| Directions for this task |
The output is the lines below from the one with "接着把紫薯泥挤到烤盘上,如下" through the one with "Mieszkanie o pow.", both included, printed exactly and with no other line.

| Supplied records |
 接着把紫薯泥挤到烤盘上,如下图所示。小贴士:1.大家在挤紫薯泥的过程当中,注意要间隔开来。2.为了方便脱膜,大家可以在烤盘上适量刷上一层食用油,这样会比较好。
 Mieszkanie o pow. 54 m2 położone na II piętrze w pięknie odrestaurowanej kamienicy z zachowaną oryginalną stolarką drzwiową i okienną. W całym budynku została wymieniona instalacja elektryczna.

* * *

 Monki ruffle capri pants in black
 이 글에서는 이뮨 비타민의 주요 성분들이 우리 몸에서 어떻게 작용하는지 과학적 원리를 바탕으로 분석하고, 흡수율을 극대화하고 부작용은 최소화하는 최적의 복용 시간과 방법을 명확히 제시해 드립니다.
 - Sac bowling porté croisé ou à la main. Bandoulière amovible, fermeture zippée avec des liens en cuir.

==

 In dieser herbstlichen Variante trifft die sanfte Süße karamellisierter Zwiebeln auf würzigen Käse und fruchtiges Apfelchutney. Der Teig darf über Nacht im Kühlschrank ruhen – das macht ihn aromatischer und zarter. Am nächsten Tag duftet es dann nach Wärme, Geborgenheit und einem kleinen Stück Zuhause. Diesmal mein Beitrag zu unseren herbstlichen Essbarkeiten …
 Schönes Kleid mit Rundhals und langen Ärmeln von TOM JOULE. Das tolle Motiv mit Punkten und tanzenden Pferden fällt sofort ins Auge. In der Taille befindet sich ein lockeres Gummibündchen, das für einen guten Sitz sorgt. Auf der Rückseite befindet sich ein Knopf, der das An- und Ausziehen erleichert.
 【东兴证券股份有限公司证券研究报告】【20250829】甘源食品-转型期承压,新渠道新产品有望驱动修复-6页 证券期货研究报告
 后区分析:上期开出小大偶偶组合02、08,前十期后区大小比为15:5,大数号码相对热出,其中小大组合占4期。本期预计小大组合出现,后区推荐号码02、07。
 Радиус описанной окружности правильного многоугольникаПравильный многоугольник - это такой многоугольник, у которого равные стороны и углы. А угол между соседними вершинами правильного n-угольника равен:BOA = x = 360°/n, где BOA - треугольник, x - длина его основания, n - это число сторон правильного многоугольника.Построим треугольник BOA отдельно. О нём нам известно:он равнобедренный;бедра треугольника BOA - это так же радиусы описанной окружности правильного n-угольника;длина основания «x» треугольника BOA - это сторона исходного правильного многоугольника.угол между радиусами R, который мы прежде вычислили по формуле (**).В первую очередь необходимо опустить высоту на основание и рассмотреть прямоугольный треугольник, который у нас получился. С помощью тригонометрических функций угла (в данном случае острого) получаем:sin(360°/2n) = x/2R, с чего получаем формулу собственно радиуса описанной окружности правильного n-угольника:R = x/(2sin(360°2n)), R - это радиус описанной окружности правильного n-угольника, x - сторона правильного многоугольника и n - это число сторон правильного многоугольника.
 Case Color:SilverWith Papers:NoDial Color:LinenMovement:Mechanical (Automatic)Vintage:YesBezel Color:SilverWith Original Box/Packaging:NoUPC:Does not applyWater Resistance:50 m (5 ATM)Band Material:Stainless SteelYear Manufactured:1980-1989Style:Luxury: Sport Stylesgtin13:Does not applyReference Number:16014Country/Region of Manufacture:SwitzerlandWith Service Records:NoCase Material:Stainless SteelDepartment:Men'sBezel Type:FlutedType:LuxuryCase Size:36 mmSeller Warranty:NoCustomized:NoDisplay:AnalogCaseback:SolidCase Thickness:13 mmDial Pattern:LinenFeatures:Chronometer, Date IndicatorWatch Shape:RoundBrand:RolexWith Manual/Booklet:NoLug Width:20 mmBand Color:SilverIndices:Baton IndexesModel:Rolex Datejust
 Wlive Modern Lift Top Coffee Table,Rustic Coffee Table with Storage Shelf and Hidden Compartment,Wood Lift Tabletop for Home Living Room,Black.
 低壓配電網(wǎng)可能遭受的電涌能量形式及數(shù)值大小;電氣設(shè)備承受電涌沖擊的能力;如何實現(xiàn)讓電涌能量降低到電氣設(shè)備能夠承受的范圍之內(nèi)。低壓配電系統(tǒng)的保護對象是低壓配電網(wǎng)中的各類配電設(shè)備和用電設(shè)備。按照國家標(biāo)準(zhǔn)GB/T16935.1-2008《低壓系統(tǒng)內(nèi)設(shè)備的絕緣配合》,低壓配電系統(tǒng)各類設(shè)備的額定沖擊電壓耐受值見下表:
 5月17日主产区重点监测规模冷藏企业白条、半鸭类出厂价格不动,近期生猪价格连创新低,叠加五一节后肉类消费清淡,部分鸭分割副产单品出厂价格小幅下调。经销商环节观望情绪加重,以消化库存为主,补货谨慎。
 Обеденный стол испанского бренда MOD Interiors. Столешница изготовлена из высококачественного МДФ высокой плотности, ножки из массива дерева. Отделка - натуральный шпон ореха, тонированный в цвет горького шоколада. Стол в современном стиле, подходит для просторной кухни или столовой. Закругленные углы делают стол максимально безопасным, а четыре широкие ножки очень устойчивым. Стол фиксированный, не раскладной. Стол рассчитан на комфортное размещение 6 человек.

| Expected output |
 接着把紫薯泥挤到烤盘上,如下图所示。小贴士:1.大家在挤紫薯泥的过程当中,注意要间隔开来。2.为了方便脱膜,大家可以在烤盘上适量刷上一层食用油,这样会比较好。
 Mieszkanie o pow. 54 m2 położone na II piętrze w pięknie odrestaurowanej kamienicy z zachowaną oryginalną stolarką drzwiową i okienną. W całym budynku została wymieniona instalacja elektryczna.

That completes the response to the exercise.